INSTRUCTIONS FOR THE TASK = Copy out the data below as written; omit any images.

DATASET CONTENT =

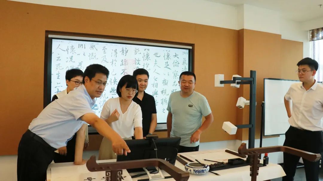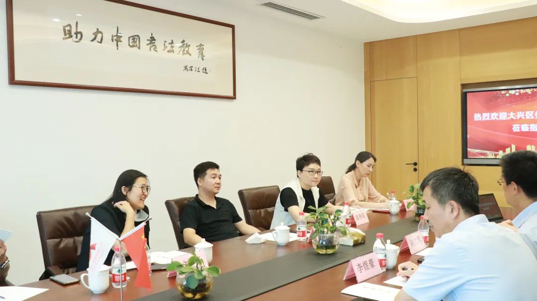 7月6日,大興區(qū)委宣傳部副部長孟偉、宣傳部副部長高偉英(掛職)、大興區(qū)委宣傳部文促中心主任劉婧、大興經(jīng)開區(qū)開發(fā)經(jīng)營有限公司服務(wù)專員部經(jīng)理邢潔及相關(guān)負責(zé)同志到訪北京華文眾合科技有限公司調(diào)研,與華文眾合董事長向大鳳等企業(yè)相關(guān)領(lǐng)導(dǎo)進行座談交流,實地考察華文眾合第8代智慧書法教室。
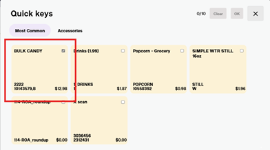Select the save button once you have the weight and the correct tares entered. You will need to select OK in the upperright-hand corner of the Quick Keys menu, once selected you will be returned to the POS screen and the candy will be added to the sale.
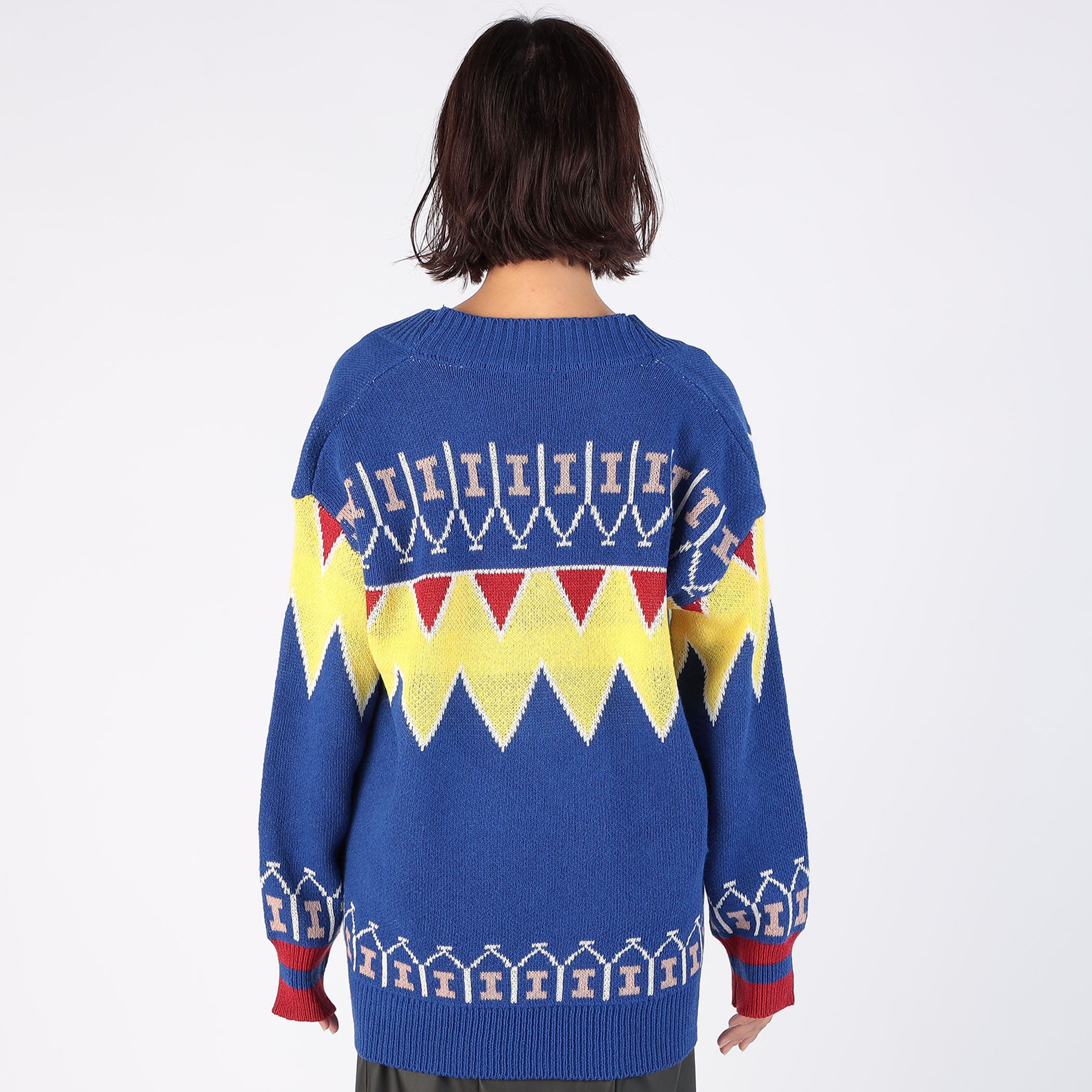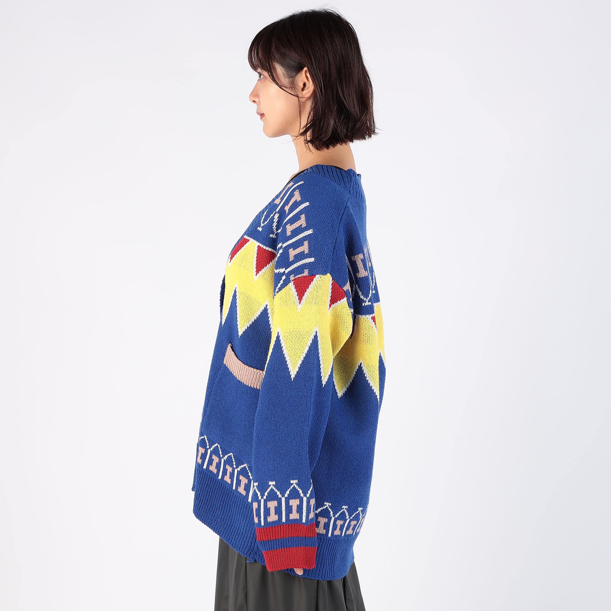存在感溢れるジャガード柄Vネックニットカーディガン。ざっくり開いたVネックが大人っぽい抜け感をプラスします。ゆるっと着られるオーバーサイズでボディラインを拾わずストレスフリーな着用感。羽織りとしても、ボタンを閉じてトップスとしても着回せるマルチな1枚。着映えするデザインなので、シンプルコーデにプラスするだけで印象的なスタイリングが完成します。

TASK ANSWER =
 7月6日,大興區(qū)委宣傳部副部長孟偉、宣傳部副部長高偉英(掛職)、大興區(qū)委宣傳部文促中心主任劉婧、大興經(jīng)開區(qū)開發(fā)經(jīng)營有限公司服務(wù)專員部經(jīng)理邢潔及相關(guān)負責(zé)同志到訪北京華文眾合科技有限公司調(diào)研,與華文眾合董事長向大鳳等企業(yè)相關(guān)領(lǐng)導(dǎo)進行座談交流,實地考察華文眾合第8代智慧書法教室。
Select the save button once you have the weight and the correct tares entered. You will need to select OK in the upperright-hand corner of the Quick Keys menu, once selected you will be returned to the POS screen and the candy will be added to the sale.
存在感溢れるジャガード柄Vネックニットカーディガン。ざっくり開いたVネックが大人っぽい抜け感をプラスします。ゆるっと着られるオーバーサイズでボディラインを拾わずストレスフリーな着用感。羽織りとしても、ボタンを閉じてトップスとしても着回せるマルチな1枚。着映えするデザインなので、シンプルコーデにプラスするだけで印象的なスタイリングが完成します。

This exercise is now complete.